AIG is selling its foreign life insurance unit to MetLife Inc for about $15.5 billion, its second major asset sale in a week as it raises funds to repay a $182.3 billion U.S. government bailout.

MetLife said on Monday that it would pay AIG $6.8 billion in cash and about $8.7 billion in equity for its American Life Insurance Co (Alico) unit, confirming an earlier Reuters report.

Founded in 1921, Alico sells life, accident and health insurance as well as retirement and wealth management products in more than 50 countries. The deal will help MetLife, already the largest life insurer in the United States and Mexico, diversify revenue by product, distribution and geography.
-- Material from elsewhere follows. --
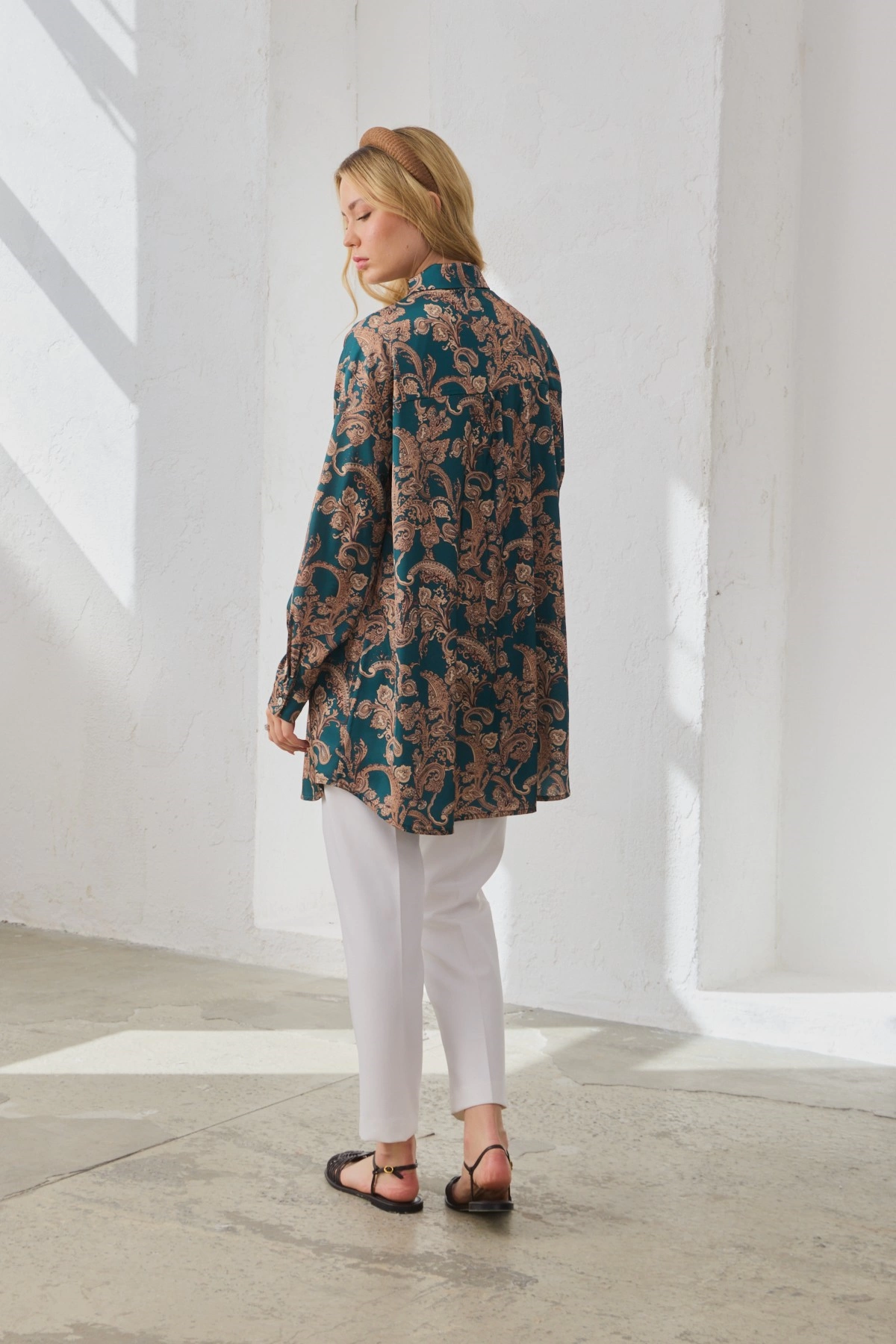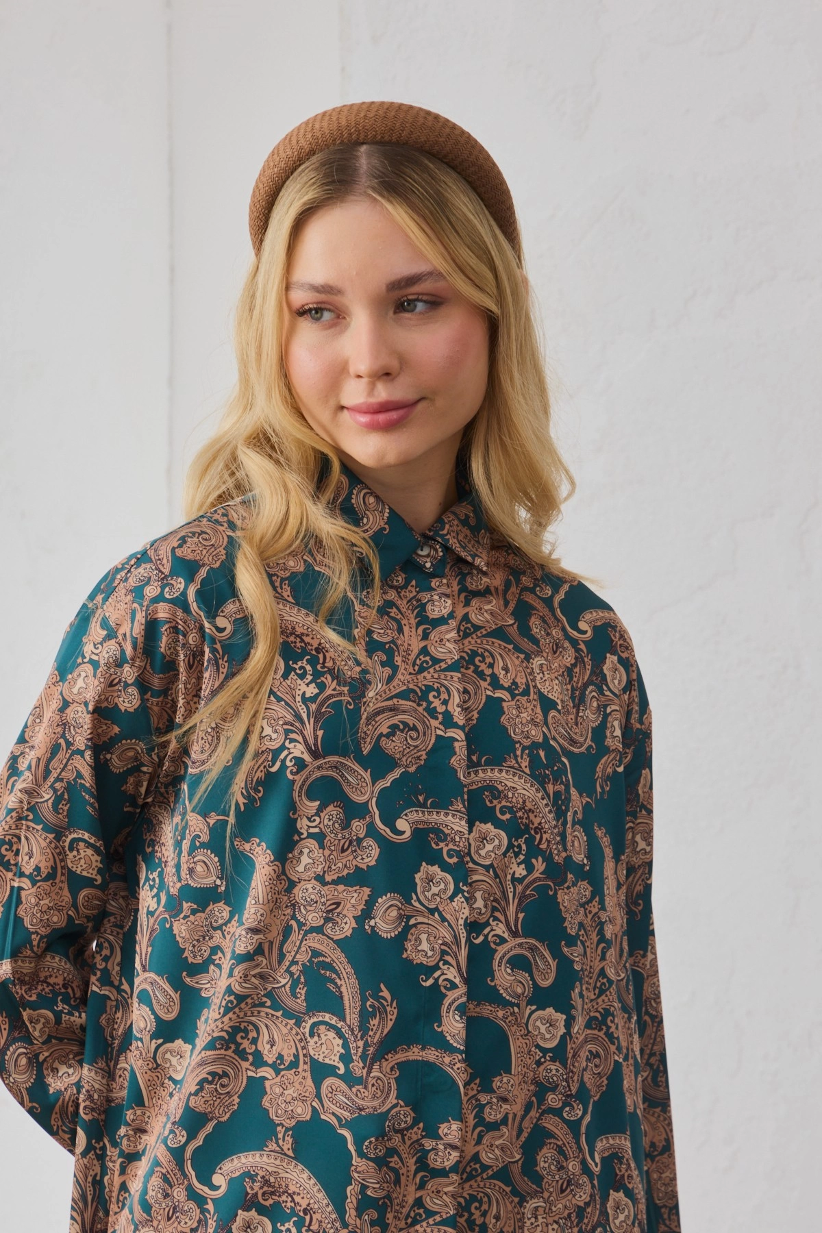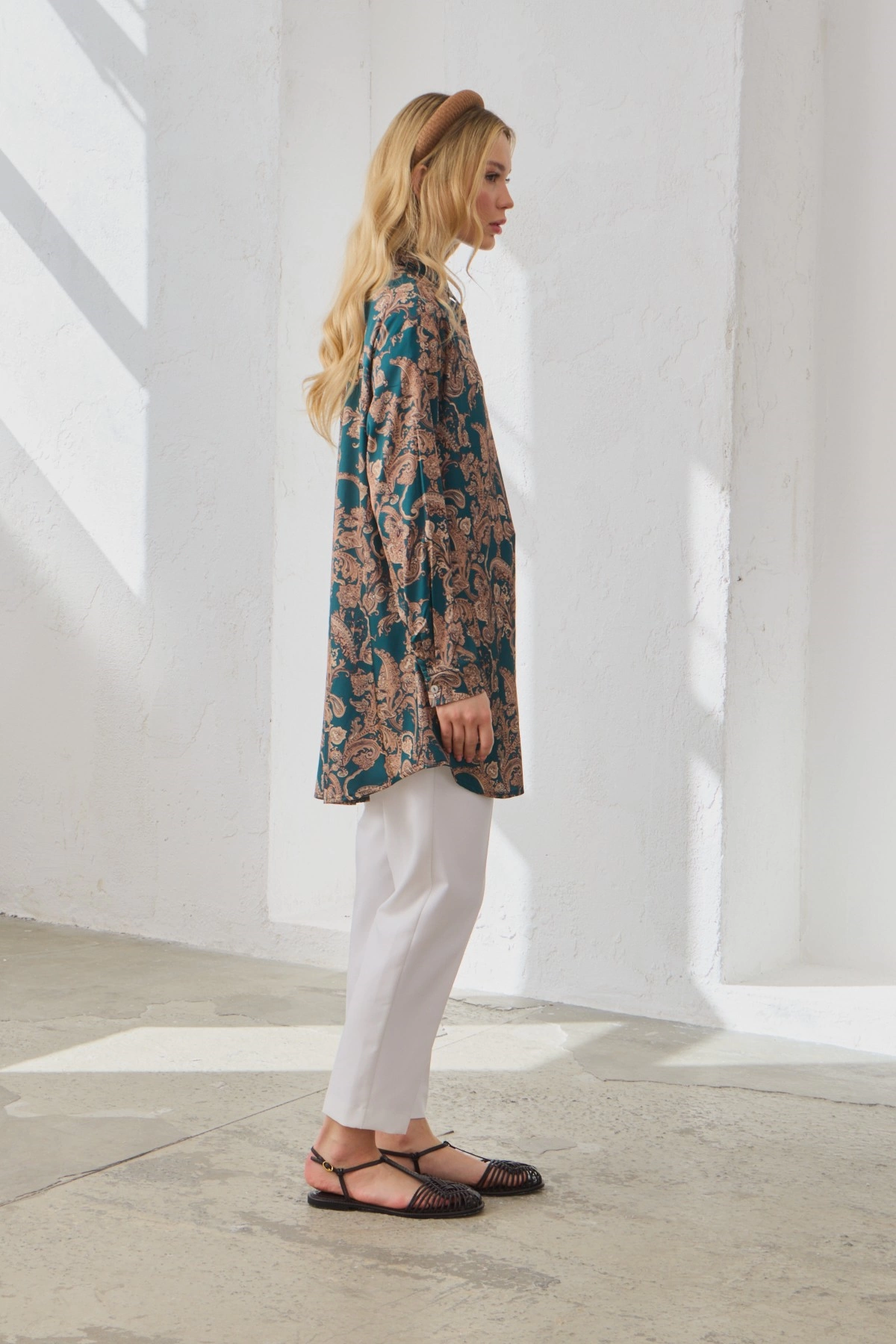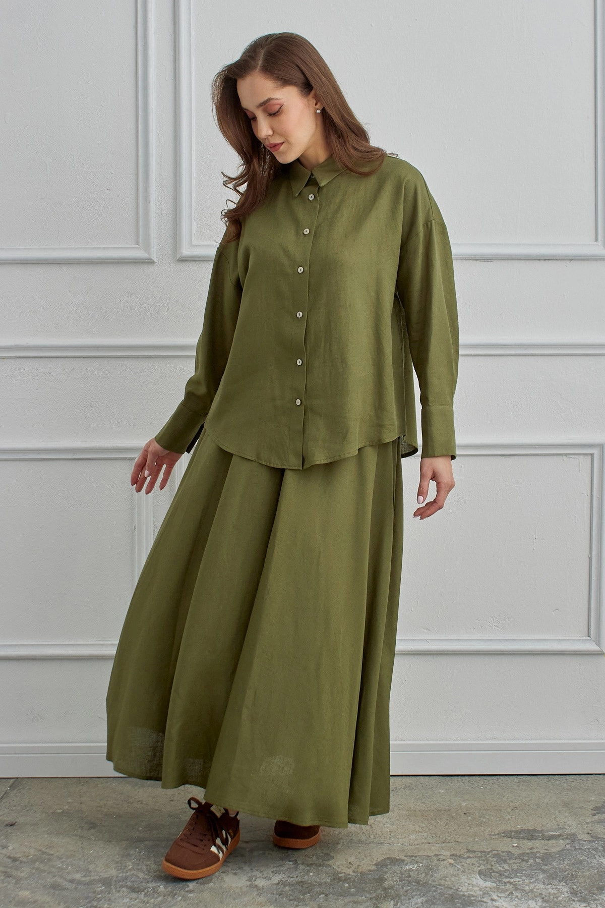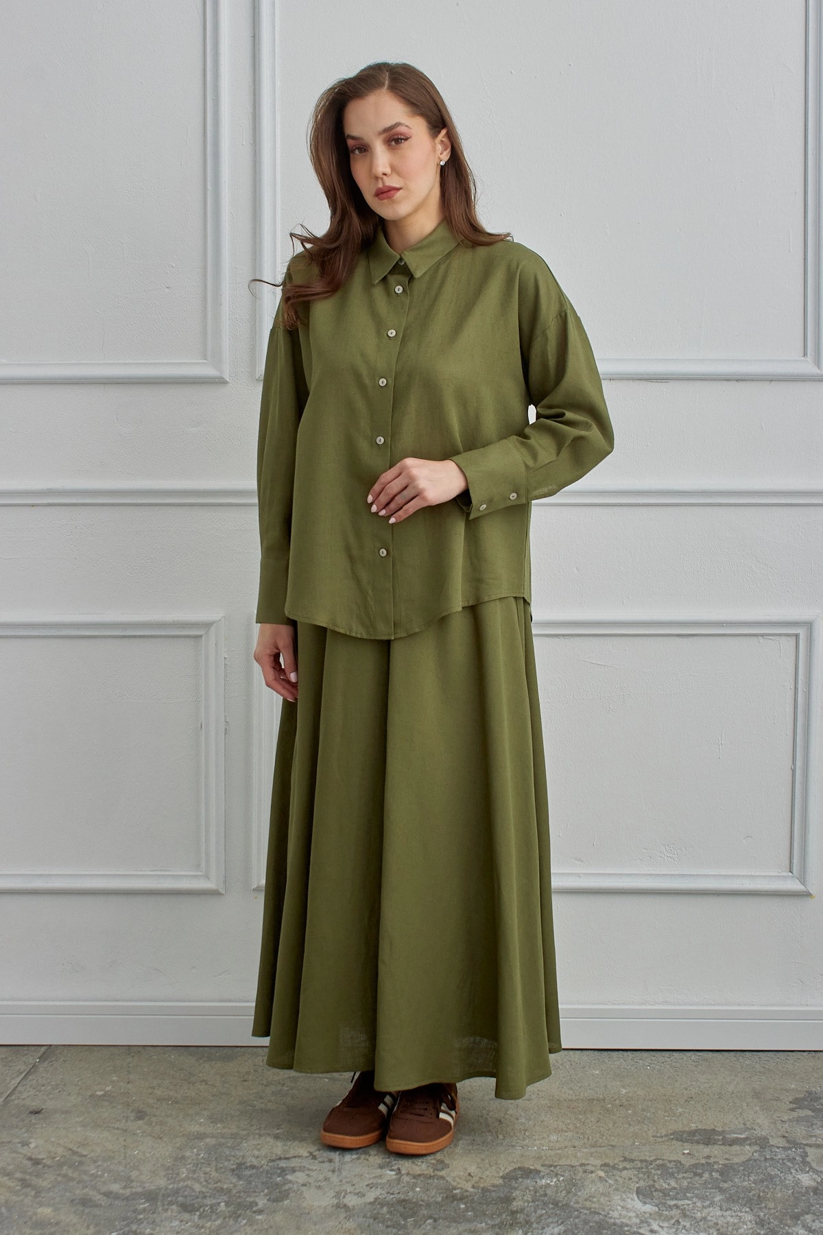 Qanu Beli Lastikli Krep Pantolon Yeşil
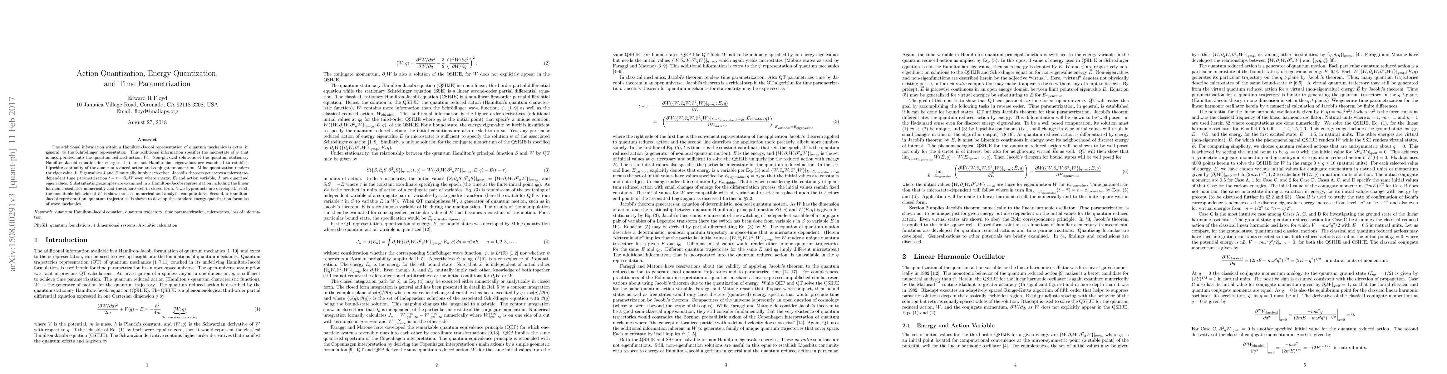 The additional information within a Hamilton-Jacobi representation of quantum mechanics is extra, in general, to the Schr\"odinger representation. This additional information specifies the microstate of $\psi$ that is incorporated into the quantum reduced action, $W$. Non-physical solutions of the quantum stationary Hamilton-Jacobi equation for energies that are not Hamiltonian eigenvalues are examined to establish Lipschitz continuity of the quantum reduced action and conjugate momentum. Milne quantization renders the eigenvalue $J$. Eigenvalues $J$ and $E$ mutually imply each other. Jacobi's theorem generates a microstate-dependent time parametrization $t-\tau=\partial_E W$ even where energy, $E$, and action variable, $J$, are quantized eigenvalues. Substantiating examples are examined in a Hamilton-Jacobi representation including the linear harmonic oscillator numerically and the square well in closed form. Two byproducts are developed. First, the monotonic behavior of $W$ is shown to ease numerical and analytic computations. Second, a Hamilton-Jacobi representation, quantum trajectories, is shown to develop the standard energy quantization formulas of wave mechanics..

MetLife will get a boost in Japan, the world's second-largest life insurance market, which accounted for 70 percent of Alico's pre-tax operating income in fiscal year. Alico will also strengthen MetLife's position in Europe and move it into a top five market position in many emerging markets in Central and Eastern Europe, the Middle East and Latin America.

MetLife expects the deal to increase its 2011 operating earnings per share by 45 cents to 55 cents, excluding one-time expenses of 12 cents. It sees annualized post-tax cost savings of $50 million to $75 million.

Rarely does one come across a deal that has such a strong strategic fit and is also such a financially attractive proposition, MetLife Chief Executive Robert Henrikson said during a conference call.

Still, such a large deal comes with risks, said Clark Troy, a senior analyst at Aite Group.

Alico's strength in Japan also ties MetLife's fortunes to an aging society with a huge public debt overhang, he said.

If (Japan) falters or slips back into deflation, MetLife might face challenges growing revenue, Troy said in an e-mail late Sunday, before the deal was announced.


The deal comes after AIG agreed to sell its Asian life unit, American International Assurance (AIA), to Britain's Prudential for $35.5 billion, the largest insurance sector deal ever.

The AIA and Alico deals will allow AIG to repay the U.S. government about $31.5 billion in cash, with more expected as the insurer sells Prudential and MetLife securities over time.

AIG will use the $6.8 billion in cash from the Alico deal to redeem part of the Federal Reserve Bank of New York's $9 billion preferred interest in a vehicle that holds the unit.

The proceeds from the two deals should help AIG pay down all of its Fed debt, but it will still leave the government holding roughly $47 billion in equity investments, including the amount drawn under a $30 billion equity line. The government will still have a nearly 80 percent stake in AIG.

To untangle itself from AIG, the government is likely to follow a strategy similar to what it has used with Citigroup Inc in a process that will probably take years.

The sale of Alico comes after months of negotiations and became possible after the New York Fed, advised by Morgan Stanley , agreed in March 2009 to swap its debt into equity in special purpose vehicles that AIG created to hold AIA and Alico.

Early last year, MetLife offered about $11 billion for the unit, but the price went up in the months after March 2009.


The equity portion of the price consists of 78.2 million shares of MetLife common stock valued at $3 billion, 6.9 million shares of contingent convertible preferred stock valued at $2.7 billion, and 40 million equity units with an aggregate stated value of $3 billion.

The common stock and equivalents would give AIG a 14 percent ownership in MetLife, MetLife Chief Financial Officer William Wheeler said.

The equity units are set to convert into common shares roughly three years after closing, Wheeler said. Taking those into account, AIG's ownership in MetLife would go above 20 percent, sources familiar with the matter said on Sunday.

But Wheeler said he expected AIG to start selling the shares as soon as it could under a lock-up agreement.

I am not sure how much shares they will own at any one time, but I suspect it won't get close to 20 percent, Wheeler said.

AIG must vote its shares in proportion to the way the rest of MetLife's outstanding shareholders do, Wheeler said.

MetLife expects to finance the cash portion of the deal with issuances of $3.1 billion in senior debt and $2 billion of common stock, as well as $1.75 billion in cash on hand.

Both boards have approved the transaction, which the companies expect to close by the end of 2010.

Credit Suisse was lead adviser to MetLife, which was also advised by Barclays Capital , Bank of America Merrill Lynch , Deutsche Bank and HSBC .

AIG is being advised by Citigroup, Goldman Sachs and Blackstone Group , according to several sources.

AIG shares were up 5.3 percent to $29.58, while MetLife was up 5.1 percent to $40.90, both during morning trading on the New York Stock Exchange.